More importantly, many buildings and mortgages were not resold because mortgage prices plummeted. If they sold their house, they would have to pay a premium, and that would lower the value of their building and mortgage shares.
Instead, they rented out all the houses that had been banned for years and years so that the stock price would not fall. Construction and loans occupy many homes.
But at the same time, outsourced foreclosure has reduced the number of home sales and the U.S. housing price has not fallen sharply during the Great Depression.
Great Depression vs
Compare that to the Great Depression of the 2000s. The 2000 Mortgage Design encourages the arrest of criminals as soon as possible and the sale of closed houses at any cost as soon as possible.
Nationally, during the Great Depression, home ownership has plummeted! .
- During the Great Depression, US home ownership declined by 4.2 percent from 1930 to 1940.
- During the Great Depression, US home ownership declined by 5.6 percent from 2004 to 2016.

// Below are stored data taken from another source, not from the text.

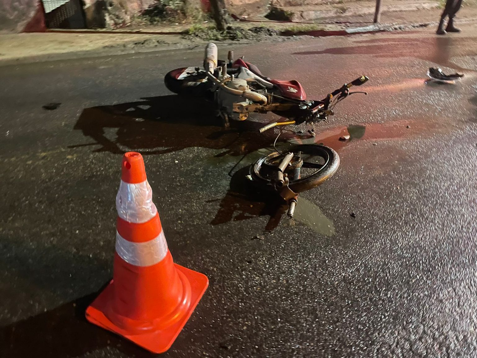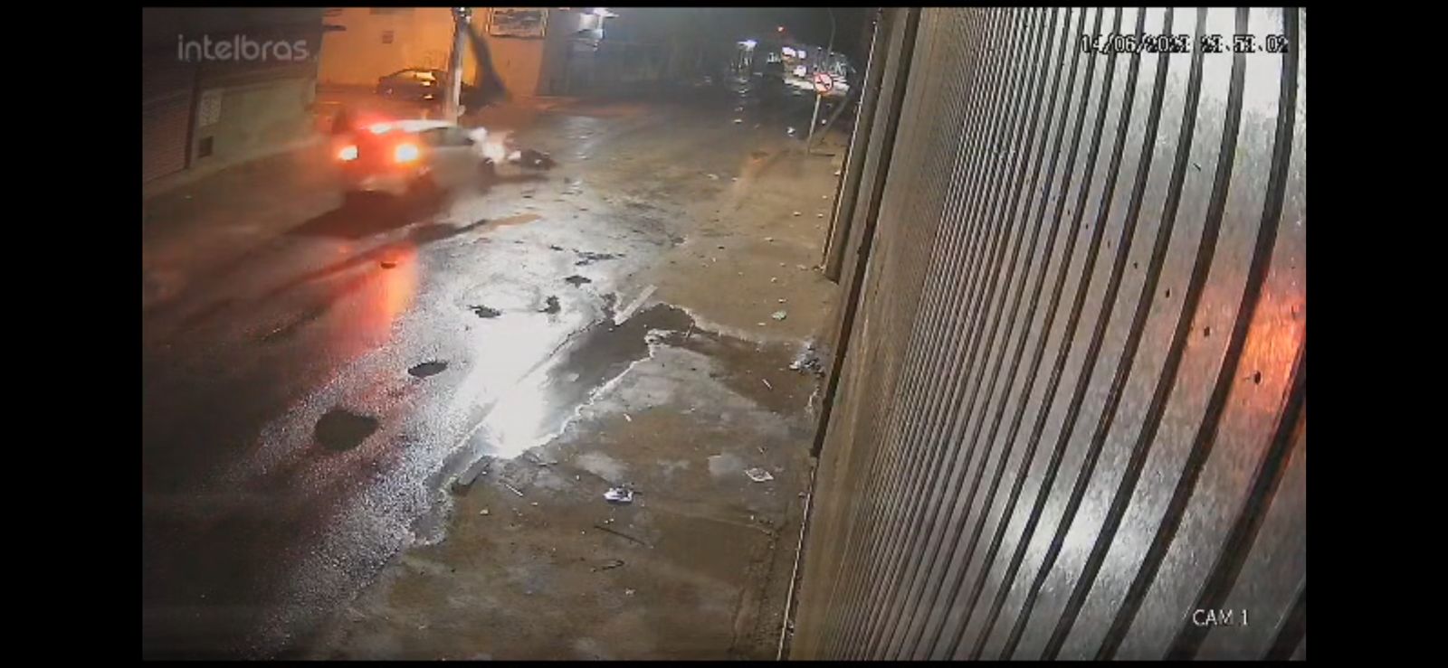 Um vídeo mostra o momento em que um carro atingiu o motociclista no final da noite
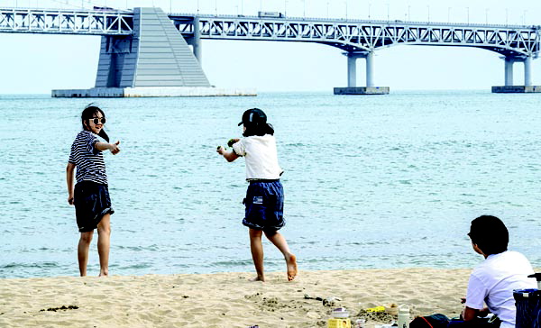13ÀÏ ºÎ»ê ¼ö¿µ±¸ ±¤¾È¸®Çؼö¿åÀåÀ» ãÀº ½Ã¹ÎÀÌ ¹ÝÆÈ, ¹Ý¹ÙÁö µî °¡º­¿î ¿ÊÂ÷¸²À¸·Î ȭâÇÑ º½ ³¯¾¾¸¦ Áñ±â°í ÀÖ´Ù.
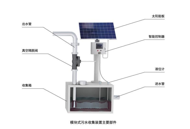 模块式污水收集装置是整套负压排水系统的核心控制元件,也是负压排水系统得以实现的关键设备。模块式污水收集装置根据现场情况灵活安装,设备采用中部进水,上部出水的设计。进水口有四个方向,可根据现场情况灵活调整安装方式。此设备主要功能是控制收集的污水有序进入负压管网,无空气进入。
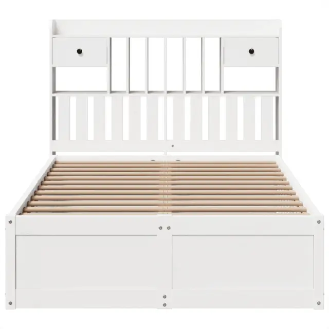 S tem lesenim posteljnim okvirjem lahko uživate v odličnem spancu! To je praktičen in dekorativen dodatek za vaše notranje prostore. Trdna borovina: Trdna borovina je čudovit naravni material. Borovina ima ravne vzorce, grče pa dajejo materialu njegov značilen, rustikalen videz.Močan posteljni okvir: Lesen okvir zagotavlja trdnost in stabilnost. Letvice iz vezanega lesa omogočajo dobro porazdelitev teže in zagotavljajo, da vzmetnica ostane na mestu ob vsakem zasuku in obračanju med spanjem.Funkcionalno vzglavje in podnožje: Z vzglavjem lesene postelje lahko ohranite vzmetnico na mestu. Poleg tega vzglavje zagotavlja odlično oporo hrbtu, ko sedite v postelji in berete ali gledate televizijo.Veliko prostora za shranjevanje: To elegantno vzglavje ima 3 priročne predelke in 3 predale, ki nudijo dovolj prostora za shranjevanje, da so vse vaše nočne potrebščine na dosegu roke. Dobro je vedeti:Vzmetnica ni priložena tej postelji. Ponujamo različno izbiro ležišč. V naši trgovini si lahko ogledate ustrezne vzmetnice.Barva: BelaMaterial posteljnega okvirja: Trdna borovinaMaterial letvic: Vezan lesCelotne dimenzije: 219,5 x 141,5 x 110 cm (D x Š x V)Velikost primerne vzmetnice: 135 x 190 cm (Š x D) (vzmetnica ni priložena)Dimenzije vzglavja: 141 x 23 x 110 cm (D x Š x V)S policami za shranjevanjePotrebno sestavljanje: DaPaket vsebuje:1 x Posteljni okvir1 x Vzglavje
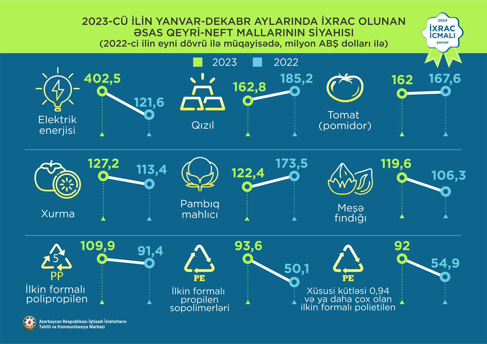 2023-cü ilin 12 ayı ərzində elektrik enerjisinin ixracı 3,3 dəfə, spirtli və spirtsiz içkilərin ixracı 1,9 dəfə, plastmas və ondan hazırlanan məmulatların ixracı 19,3%, qara metallardan məmulatların ixracı 13,3%, meyvə-tərəvəz ixracı isə 8,7% artıb.
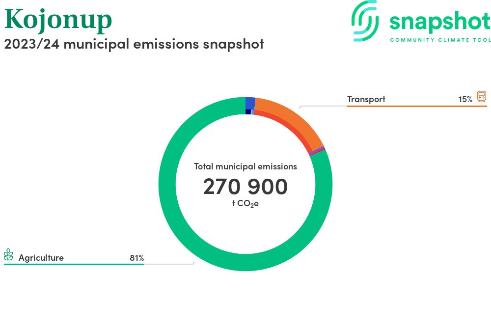 Kojonup is a rural municipality that is moderate in size relative to the state average and has a moderate urban density. Its major emissions source is agriculture, due to the community’s relatively large amount of agricultural activity and low population. The second largest source of emissions is on road transportation.
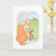Show someone you care this Easter with this cute card featuring Hattie the corgi and her new bunny friend, with a church in the distance and a rainbow arching over them 🐇 The text inside reads 'Easter blessings'.
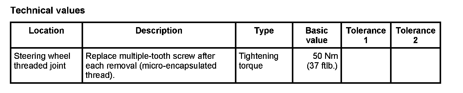 ^ The steering wheel is made of magnesium alloy. The tightening torques must be strictly observed.
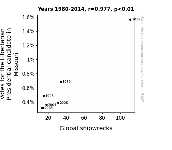 - The spurious research paper: Navigating the Nexus: Exploring the Interplay between Votes for the Libertarian Presidential Candidate in Missouri and Global Shipwrecks
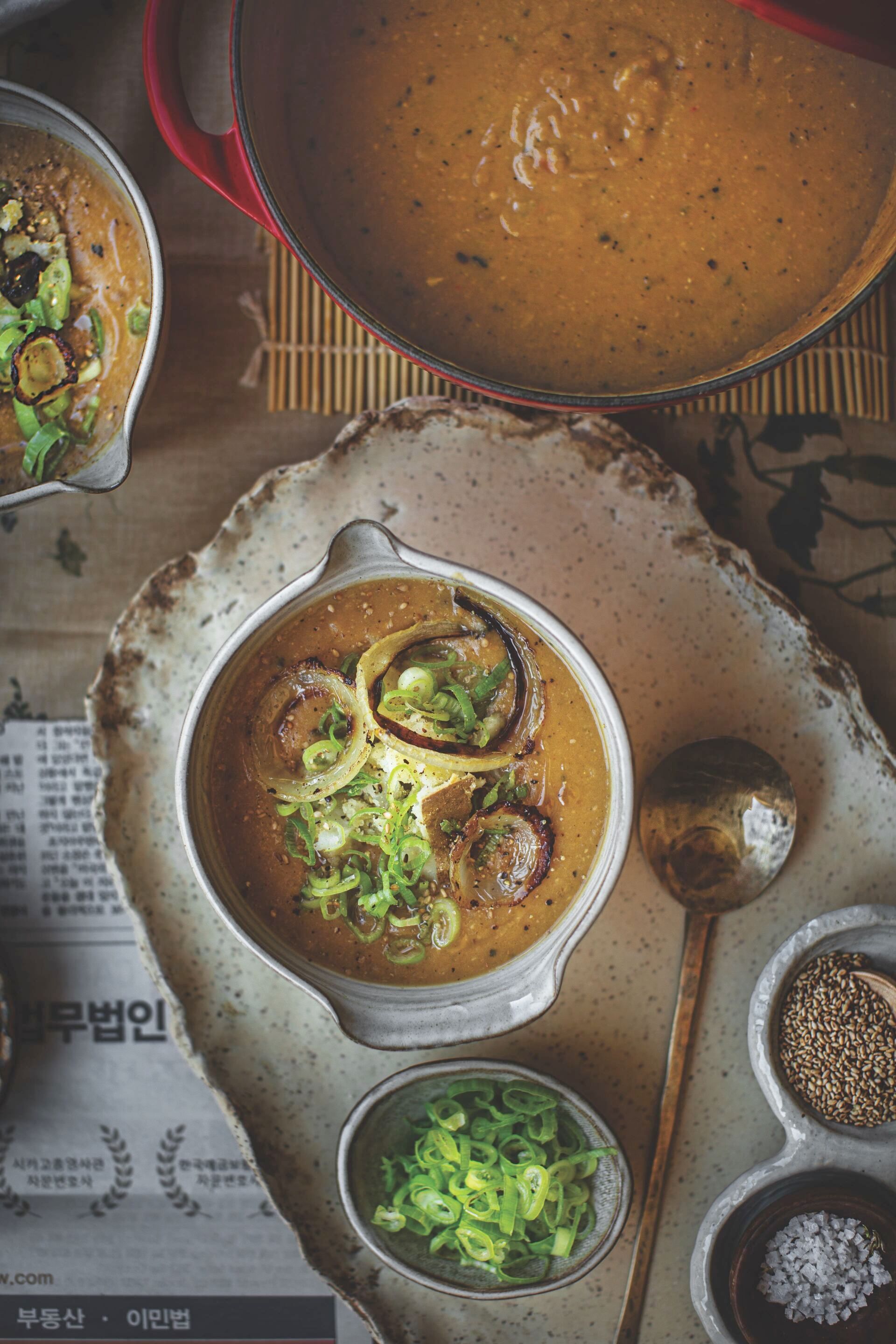 Doenjang, the Korean fermented soybean paste, gives this velvety soup umami and depth. If you’ve never used it, now’s your chance!
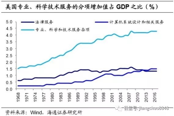 行业方面,美国上世纪中叶,制造业增加值占GDP的比重就开始下降,但80年代之后,计算机及电子产品制造行业的增加值占比不降反升,从80年代初的1.5%提高到90年代末的2%左右,2000年互联网泡沫破灭后至今仍维持在1.5%左右。同时,美国经济当中的高端服务业占比也明显提升,其中专业、科学和技术服务增加值占GDP比重从80年的3.4%提升至当前的7.1%,主要也是计算机系统设计以及相关杂项贡献。

Construction and Loan Despite a devastating mortgage design deficit in the 1950s, the number of homes seized during the Great Depression was staggering and alarming. As a result, housing prices have fallen sharply.
After the last
Although George and Mary Bailey and their children live happily ever after, the Bailey Brothers’ building and loan will no doubt disappear soon after the film’s release.
It was either closed like thousands of other buildings and loans or merged with other small buildings and loans and turned into savings and loans like thousands of other buildings and loans.
As with savings and loans, savers can withdraw their money at any time, and the number of years on your loan will not increase as your savings and loan profits decrease.
And that conversion was only partially achieved through savings and loans during post-war housing development. Savings and loans will continue to grow for decades, just as construction and credit have been doing until the design flaws were revealed.
In the meantime, I think Zuzu is following in her father’s footsteps by managing her local savings and loan branch at Bedford Waterfall.